Вернулся Размыкин и снова с порога начал жаловаться на занятость.
— Вот так и живем: все на бегу... И заметьте: все так! Почему бы это, Владимир Антонович?
— Праздные вопросы, товарищ следователь, от их решения ничего не изменится. Чарусов сказал бы, что это галактика личности стремится сохранить гармонию с разбегающейся Вселенной...
— Вы правы. Это действительно никакого отношения к жизни практической не имеет. Так зачем же вам, Владимир Антонович, человеку трезвому, практическому, понадобилось это самое пресловутое лесное одиночество?

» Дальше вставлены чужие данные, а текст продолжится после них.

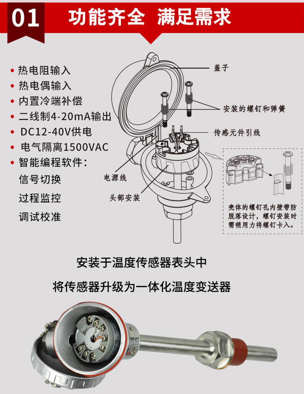 虹潤(rùn)公司是專業(yè)生產(chǎn)溫度變送器的國(guó)家專精特新“小巨人”企業(yè)。生產(chǎn)隔離智能溫度變送器,具有適配各類溫度傳感器,精度高,穩(wěn)定性好,通過編程線修改輸入信號(hào)類型及量程,高抗干擾等特點(diǎn)。該產(chǎn)品不僅通過HART基金會(huì)認(rèn)證、德國(guó)萊茵 CE 認(rèn)證與 SIL 功能安全認(rèn)證,還獲得具備減震抗干擾能力的溫度變送器、信號(hào)隔離器、一種二端子模塊、無源信號(hào)隔離器等4項(xiàng)國(guó)家發(fā)明專利,主持起草物聯(lián)網(wǎng)智能溫度儀表、現(xiàn)場(chǎng)設(shè)備工具(FDT)接口規(guī)范、工業(yè)過程測(cè)量和控制系統(tǒng)用溫度變送器等3項(xiàng)國(guó)家標(biāo)準(zhǔn),以及通信系統(tǒng)多通道數(shù)據(jù)采集控制終端規(guī)范軍用標(biāo)準(zhǔn),參與國(guó)際5G標(biāo)準(zhǔn)制定,取得智能溫度變送器、HART溫度變送器等3項(xiàng)相關(guān)軟件著作權(quán)。產(chǎn)品廣泛應(yīng)用于石油、化工、電力、冶金、制藥、食品、水處理等各種工業(yè)領(lǐng)域。

— Уединение! — уточнил Владимир Антонович. — Это разные понятия. Впрочем, вы недалеки от истины. Скорей всего мне нужно было уединение как средство от одиночества. Я никогда не знал, что это такое — одиночество. Я понял это только в ту самую ночь. Понял и испугался: ведь это хуже, чем смерть. Это, как говорят физики, полная нигиляция, превращение в ничто. Я был на краю этого состояния... Смириться с ним я не мог, не имел права. Мне необходимо было найти выход из него — не догматическое восклицание на тему «Что такое хорошо, что такое плохо», а разумную альтернативу на уровне современного мышления. Сегодня ведь, уважаемый Анатолий Васильевич, люди отвергают любую догму. Грамотные, умные, они готовы высмеять, то есть уничтожить правомерность любой аксиомы, любой догмы. И в то же время готовы принять за истину самые невозможные выдумки. И невозможное возможно... НТР навязала нам свою методологию мышления, гипотеза, теория, эксперимент и как итог — математическая модель.
— И вы решили повторить чарусовский эксперимент с одиночеством? — спросил Размыкин.

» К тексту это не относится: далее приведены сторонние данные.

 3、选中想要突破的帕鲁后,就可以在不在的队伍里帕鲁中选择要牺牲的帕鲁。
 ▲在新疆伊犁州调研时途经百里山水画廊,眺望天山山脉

— Видимо, это надо, необходимо пройти. По крайней мере, мне. Я педагог, так сказать, зодчий будущего, простите за красивые слова, мне от «запретных» вопросов отмахиваться нельзя... И если бы дело было только в Гришке с его дурацким Расстригой! Дело гораздо масштабнее и глубже. Я много думал над этим в последние дни, особенно там, у дома. Это очень сложный вопрос, Анатолий Васильевич! Настолько сложный, хотя бы только для меня, что, не разрешив его, я не мог дальше жить и работать. По крайней мере, работать учителем. Он представляется мне, может быть, главнейшим вопросом нашего, человеческого бытия.

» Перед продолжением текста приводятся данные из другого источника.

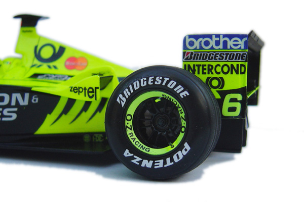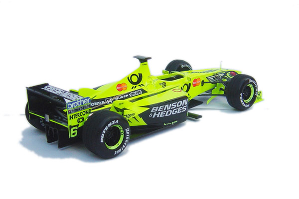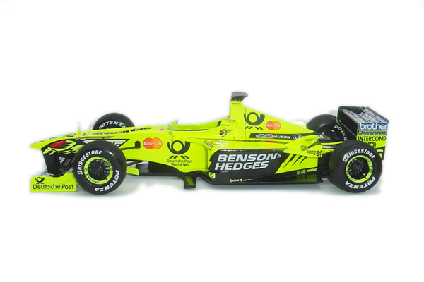 The Jordan EJ10 is an updated version of the EJ10B and was the car with which Jordan entered into the 2000 F1 Season. The old format Chassis numbers which Eddie Jordan has previously used ie. Jordan 199 for 1999 etc, were changed on the EJ10 to celebrate the team's tenth season in Forumla One with Eddie Jordan as Owner. The team were also beginning to get more and more competitive with each season and there was a genuine hope that they would once again enjoy a competitive season in 2000. Unfortunately the season did not bring success for Jordan, reliability and lack of performance hindered their results throughout the season.

— Ну это , вы — через! — возразил Размыкин. — Если гвоздь вылез в вашем сапоге, то при чем здесь человечество?
Владимир Антонович, прерванный в своих размышлениях столь грубо и бесцеремонно, несколько секунд удивленно смотрел в усталое лицо следователя и старался понять смысл возражения.
— Ну какой же тут гвоздь, в каком сапоге! — вы взгляните посерьезнее, так сказать, со стратегической точки зрения, — начал он убеждать Размыкина. — Не надо превращаться в страуса — голову в песок и знать ничего не хочу! Вы газеты читаете? Вспомните ужасающую статистику самоубийств на Западе. Объяснить это только материальной безнадежностью — это почти ничего не объяснить. Да, это важно! но не все! Тут секрет в том... Тут секрет в том, что там всеобщее уныние и духовный упадок есть прямое следствие так называемого процветания. Мне думается, вот что происходит: с развитием техники — роботроники всякой, эвээмок и бесконечных конвейеров, человек в жизни общества, — да что там общества? — в своей личной жизни почти никакого участия не принимает, он перестает быть творцом своей души — вот где собака зарыта! А он не хочет мириться с этим. Ему невозможно согласиться со своей предопределенностью, если предопределяет не традиционный бог, а ученый робот по указке доллара. Человек противится этому всем своим существом. Он бунтует против собственного отрицания, заброшенности, ненужности. Для души работы нету! — душевная безработица, понимаете? И он выбирает крайний протест — уходит!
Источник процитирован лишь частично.